> Recorded information
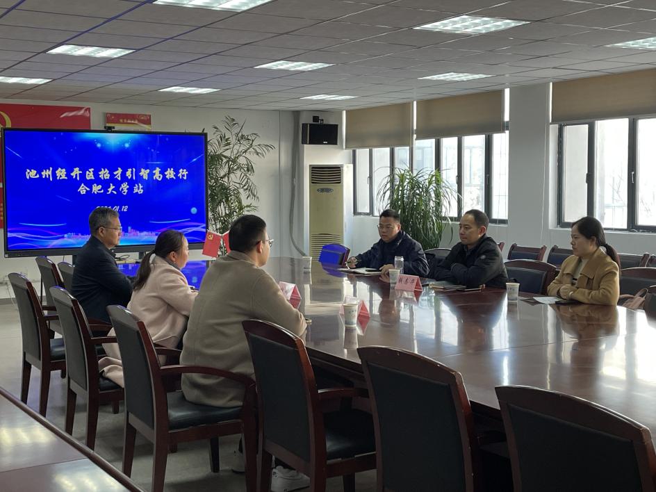 为推动产学研协同创新,寻求政校企合作共赢、共谋发展的良好局面,2024年1月12日,池州经济技术开发区党工委委员、党群工作局(人才办)局长(主任)钱志华率队来我院开展池州经开区招才引智高校行活动,先进制造工程学院党委书记杜娟、副院长秦强、就业联络员张傲参加。
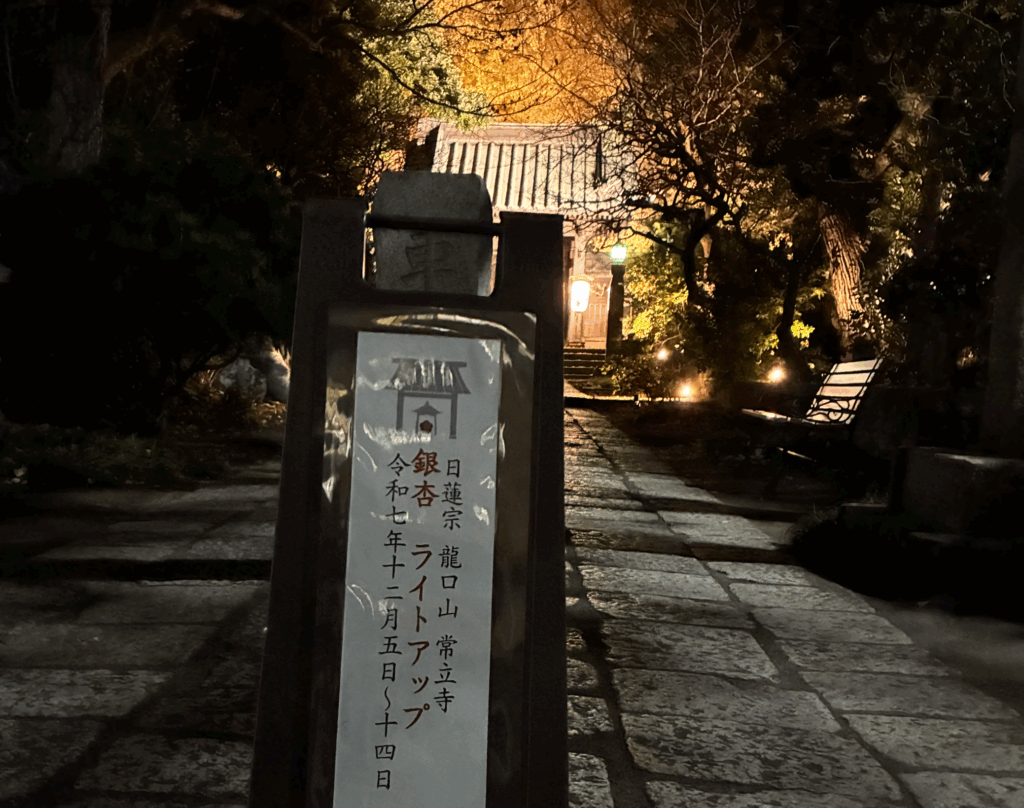入口の車止の前にある下記看板の通り、藤沢市片瀬の常立寺では12月5日~14日の間ライトアップが行われています。(看板の裏には、ご自由にご参拝下さい とあります。
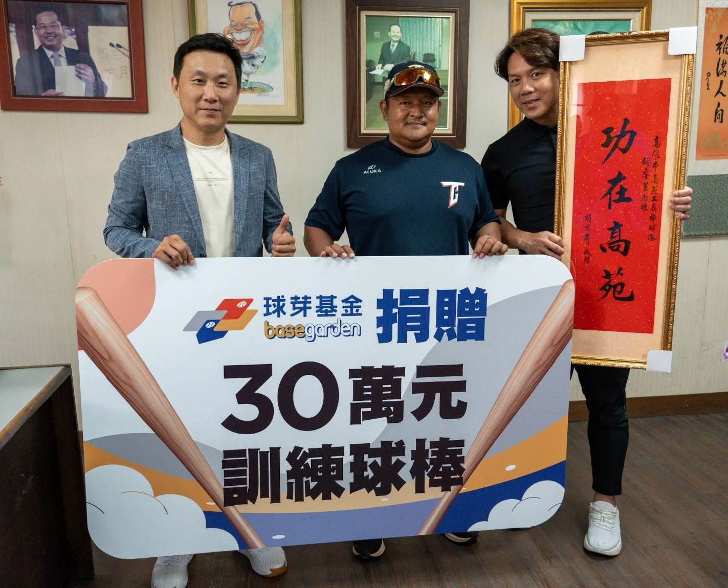 周思齊今天(18日)趁著球隊沒有比賽的空檔,特地到高苑工商拜會余政憲董事長,除了感謝過去余政憲對棒球隊的照顧外,同時也特地捐贈30萬元球棒給高苑工商學弟。
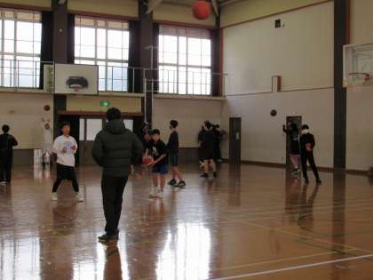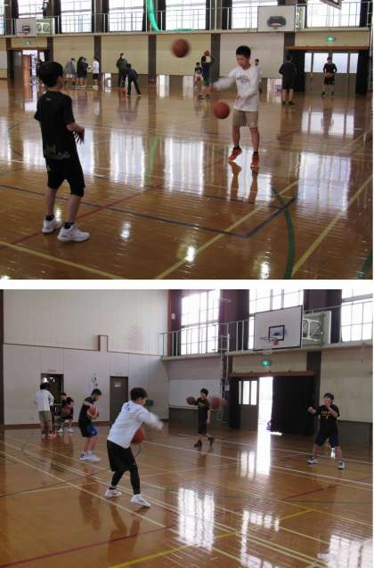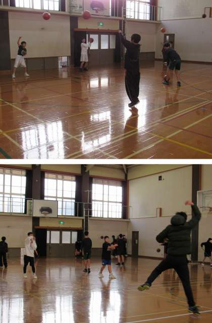 男子バスケットボール部は、鋭いパスとそれに対する素早く反応してキャッチする練習をしていました。
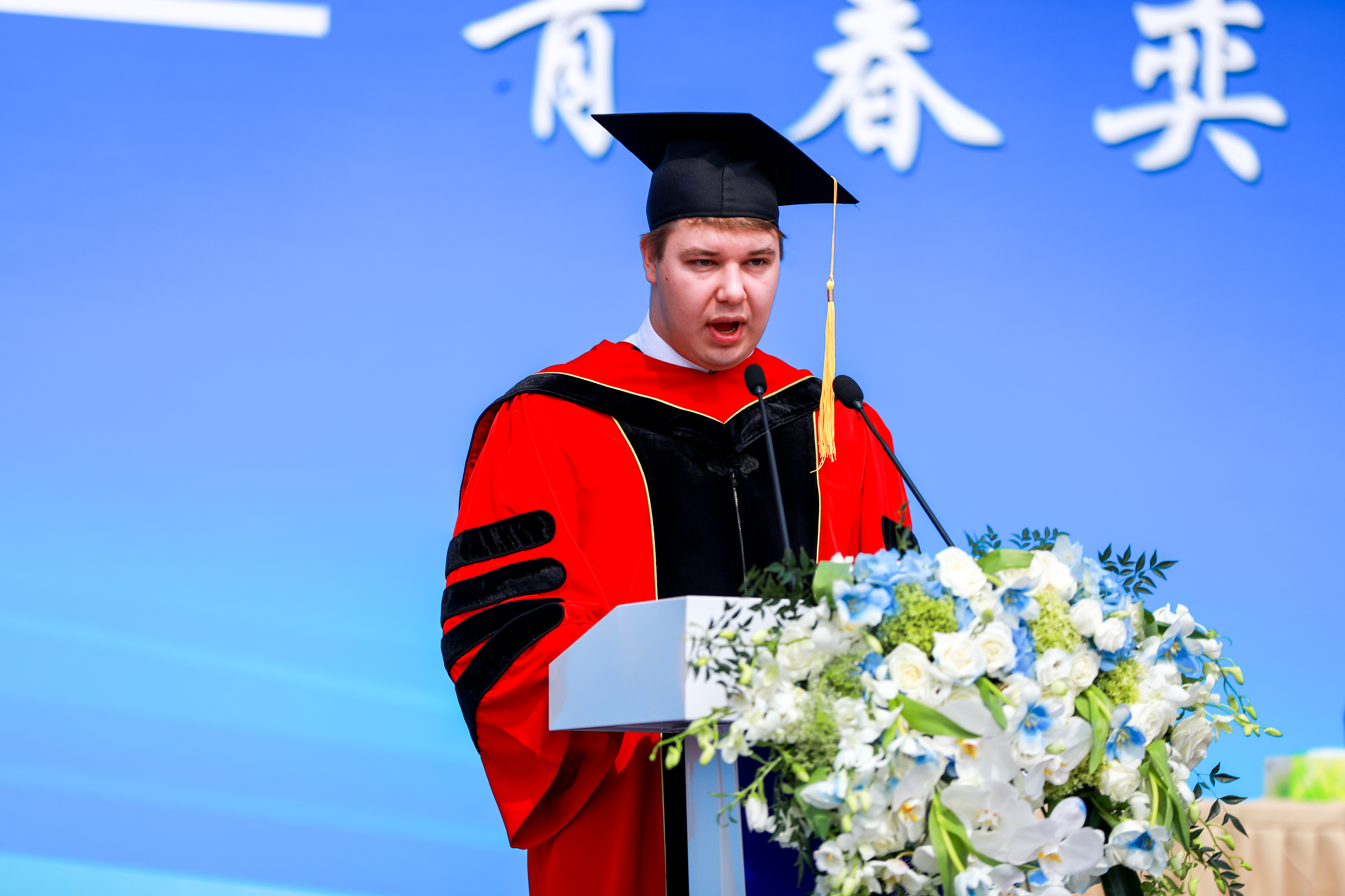 “燕京理工学院以国际发展支点为学生们打造国际化育人平台,让学生在校内就能享受到国内外优质的教育服务资源,架起与世界沟通的桥梁。”学校国际合作大学导师、俄罗斯彼尔母人文师范学院Valerii 瓦莱里教授寄语毕业生们要继承和发扬燕京理工学院勤奋笃学的优良学风,在推动构建人类命运共同体实践中彰显青春活力。
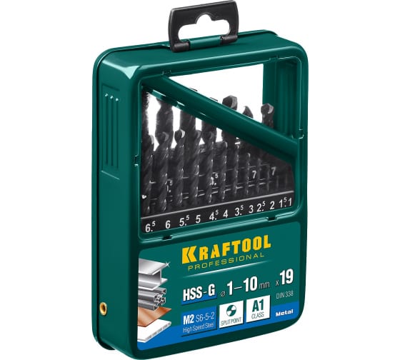 Набор сверл по металлу KRAFTOOL 19шт, 1-10мм
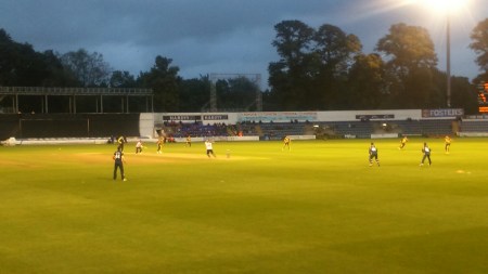 The target of 124 never looked like being enough, although there was nervousness around the ground when Aneurin Donald holed out to mid off early on after which Glamorgan’s batsmen took some time to get the scoreboard moving. But that was just Rudolph and Ingram being sensible. They had no need to rush with such a modest score to chase. Suddenly Ingram sprang into life and took the bull by the horns. The scoring accelerated with a flurry of boundaries, the tension melted away and the Glamorgan supporters starting singing. In all, Ingram clubbed five huge sixes including one that went so high I lost it in the floodlights and feared it might land on my head. It actually landed in the crowd a few yards away but didn’t cause any injury. Ingram is an impressive player when he gets doing – he hits the ball very hard but it looks so effortless, and he’s as skilled with the rapier as with the bludgeon: many deft flicks and cuts were included in his innings.
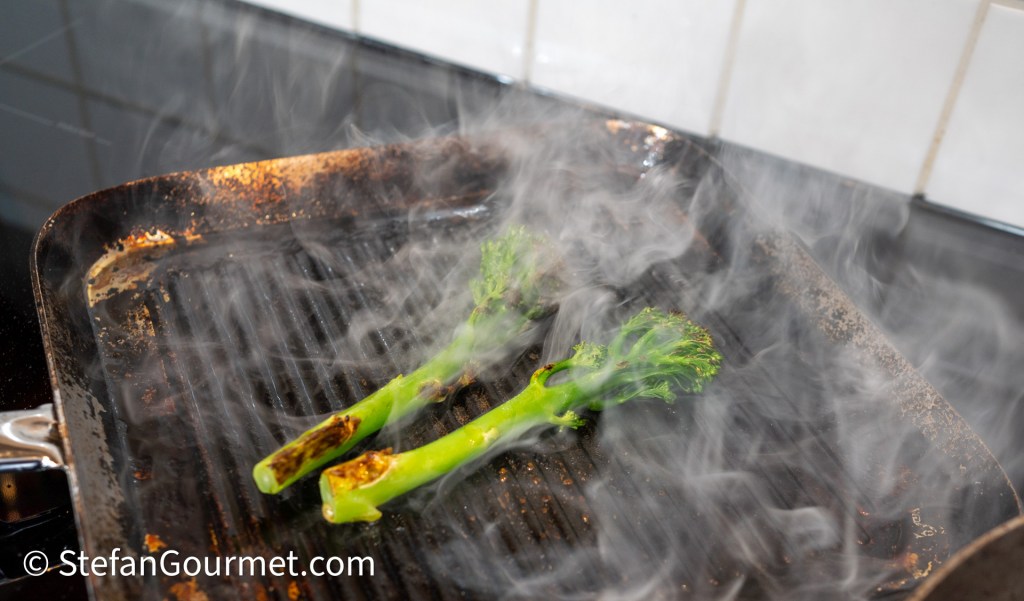 Rub a griddle pan with vegetable oil and heat it up until very hot. Grill the broccolini over high heat until you see grill marks on both sides. Keep the broccolini hot in the oven at about 100C/200F.

> To do
Copy out the data exactly and keep the pictures out.

> Reply
 为推动产学研协同创新,寻求政校企合作共赢、共谋发展的良好局面,2024年1月12日,池州经济技术开发区党工委委员、党群工作局(人才办)局长(主任)钱志华率队来我院开展池州经开区招才引智高校行活动,先进制造工程学院党委书记杜娟、副院长秦强、就业联络员张傲参加。
入口の車止の前にある下記看板の通り、藤沢市片瀬の常立寺では12月5日~14日の間ライトアップが行われています。(看板の裏には、ご自由にご参拝下さい とあります。
 周思齊今天(18日)趁著球隊沒有比賽的空檔,特地到高苑工商拜會余政憲董事長,除了感謝過去余政憲對棒球隊的照顧外,同時也特地捐贈30萬元球棒給高苑工商學弟。
 男子バスケットボール部は、鋭いパスとそれに対する素早く反応してキャッチする練習をしていました。
 “燕京理工学院以国际发展支点为学生们打造国际化育人平台,让学生在校内就能享受到国内外优质的教育服务资源,架起与世界沟通的桥梁。”学校国际合作大学导师、俄罗斯彼尔母人文师范学院Valerii 瓦莱里教授寄语毕业生们要继承和发扬燕京理工学院勤奋笃学的优良学风,在推动构建人类命运共同体实践中彰显青春活力。
 Набор сверл по металлу KRAFTOOL 19шт, 1-10мм
 The target of 124 never looked like being enough, although there was nervousness around the ground when Aneurin Donald holed out to mid off early on after which Glamorgan’s batsmen took some time to get the scoreboard moving. But that was just Rudolph and Ingram being sensible. They had no need to rush with such a modest score to chase. Suddenly Ingram sprang into life and took the bull by the horns. The scoring accelerated with a flurry of boundaries, the tension melted away and the Glamorgan supporters starting singing. In all, Ingram clubbed five huge sixes including one that went so high I lost it in the floodlights and feared it might land on my head. It actually landed in the crowd a few yards away but didn’t cause any injury. Ingram is an impressive player when he gets doing – he hits the ball very hard but it looks so effortless, and he’s as skilled with the rapier as with the bludgeon: many deft flicks and cuts were included in his innings.
 Rub a griddle pan with vegetable oil and heat it up until very hot. Grill the broccolini over high heat until you see grill marks on both sides. Keep the broccolini hot in the oven at about 100C/200F.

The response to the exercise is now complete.